My main point was the second one, the first was a joke.


Also, I hereby declare the earth to weigh whatever my weight is. The force of gravity I am exercing in it is the same as it is exercing on me. Everyone on the earth except me is considered part of it. (Congradulations, you just technicly lost 99.99% of your weight because you make up so little of the earth's mass!)

[Darkwraith]

We need a reference plane...

[Acidic]

The original question has been answered, if you're arguing what wieght is, I posted a science dictionary defenition eariler. Use that one to see what mass, graviry, tension, and all the rest of the terms are if you need to.

Near the Earths surface you (and all objects) will always have a constant wieght. This is because gravity is constant and the mass is constant.

If a body is stationary the net force is always zero (ignoring rotationary forces).

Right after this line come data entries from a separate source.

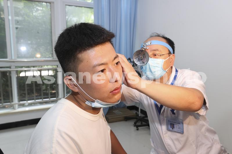图片说明:2022年8月2日,江苏省连云港市赣榆区应征青年在征兵体检站接受身体检查。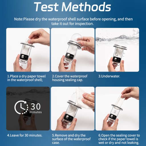 Materiał odporny na wysokie ciśnienie, z gumowym pierścieniem uszczelniającym, wodoodporność do 45 m / 147 stóp, bardzo odpowiedni do nurkowania, surfingu, snorkelingu, pływania i innych sportów wodnych, ale nadaje się również do fotografowania w deszczowe dni, bez obawy przed warunkami pogodowymi, bezmyślne strzelanie .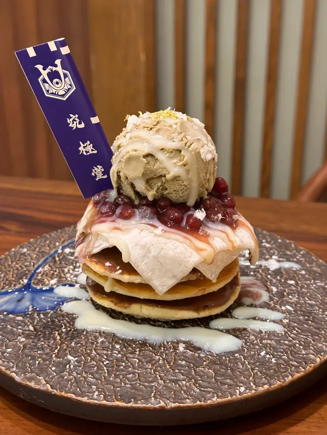這個甜品也相當🈶水平!班戟層疊,頂層焦糖脆皮👉花生醬👉榛子醬。上面再蓋張糯嘰嘰的“被子” 搭配焙茶雪糕球,層次敲級豐富!每一口都是不同感覺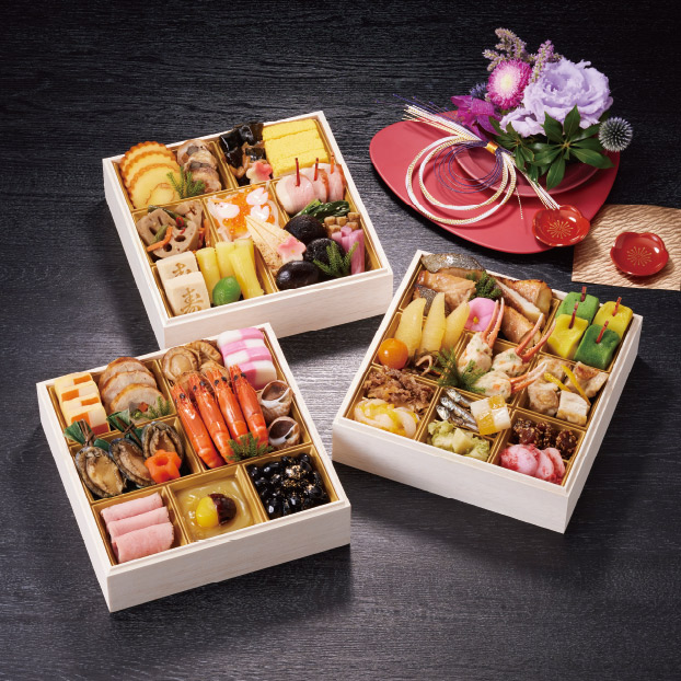 おせち料理の定番の料理に加えて、鮑や蟹、帆立などの魚介類やペッパーボンレスハム、合鴨スモークなどの肉料理、野菜料理をバランス良く3段重に盛り込みました。市松模様の錦糸巻や紅白蒲鉾、二色の生麩など、見た目も彩り豊かで、幅広い年齢層の方にお楽しみいただけます。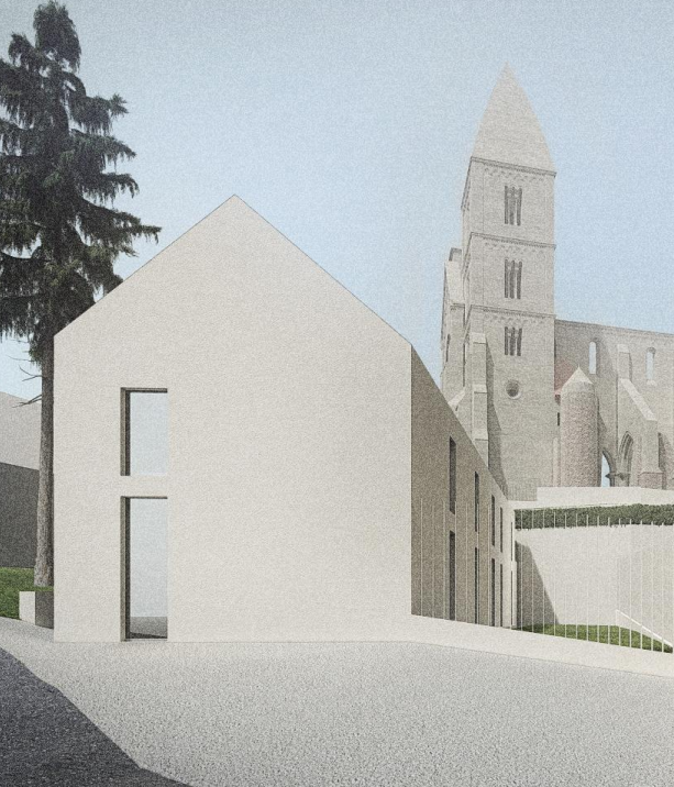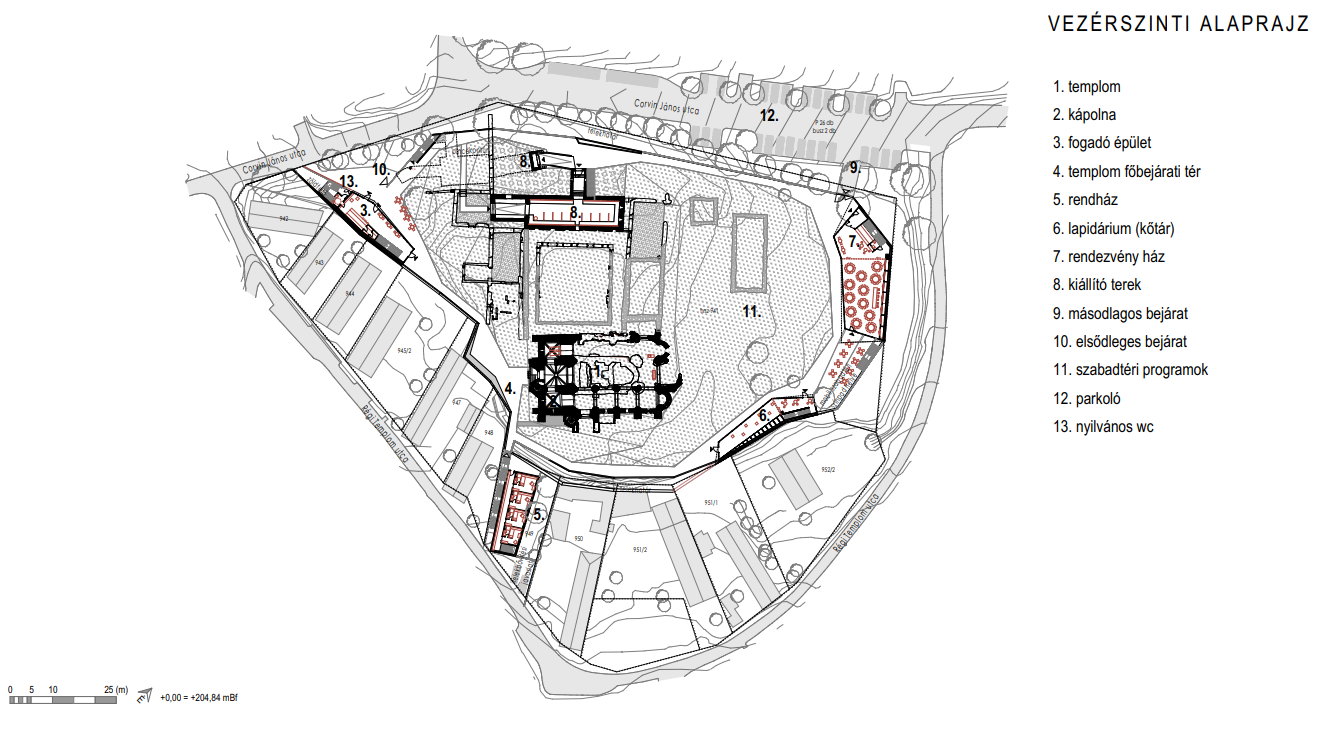 Rendház: A rendházat a Régi templom utca csatlakozó telkén helyezzük el, így legközelebb a templomhoz, de a látogatói útvonaltól nem érintve, az épület tömegét az Régi templom utca egységes utcaképébe illesztve. A rendház mellett elhelyezett külső lépcső lehetőséget teremt a szerzetesek számára a templom tereinek közvetlen megközelítésére, napi használatára és ezen 3 ingyenes, alternatív útvonal használat lehetővé tételére a hívek számára is. A rendház telkét a szomszédos telek benyúló nyugati részével javasoljuk megnövelni, így a rendház zárt kertje megnövelten kialakítható.

In different mediums, the objects will feel lighter in more dense mediums as the upthrust (which will always be in the direction opposite to the weight) will partly counteract the wieght. In a sufficiently dense medium, the object will float, because it has a net force of zero. In fact it's weight is still constant, it is just totally counteracted by the upthrust. Obviously this balance is ruined as soon as you lift the body out of the liquid or push in into the liquid.

When something is being hung the object is still stationary hence it will have a net force of zero, but it will still weight the same. If you are being hung and you are taken to be part of the hanging contraption too, then the enitre contraption will have a net force of zero (as it is stationary (neither floating into the air nor sinking into the ground)), it's weight will have changed because your mass has been added onto it's mass thereby changing it's mass. It's net force remains zero because the ground beneath it will simply exert a larger counter force.

[Darkwraith]

Why can't we consider weight to be force in a given direction disregarding normal or is there a special term for that?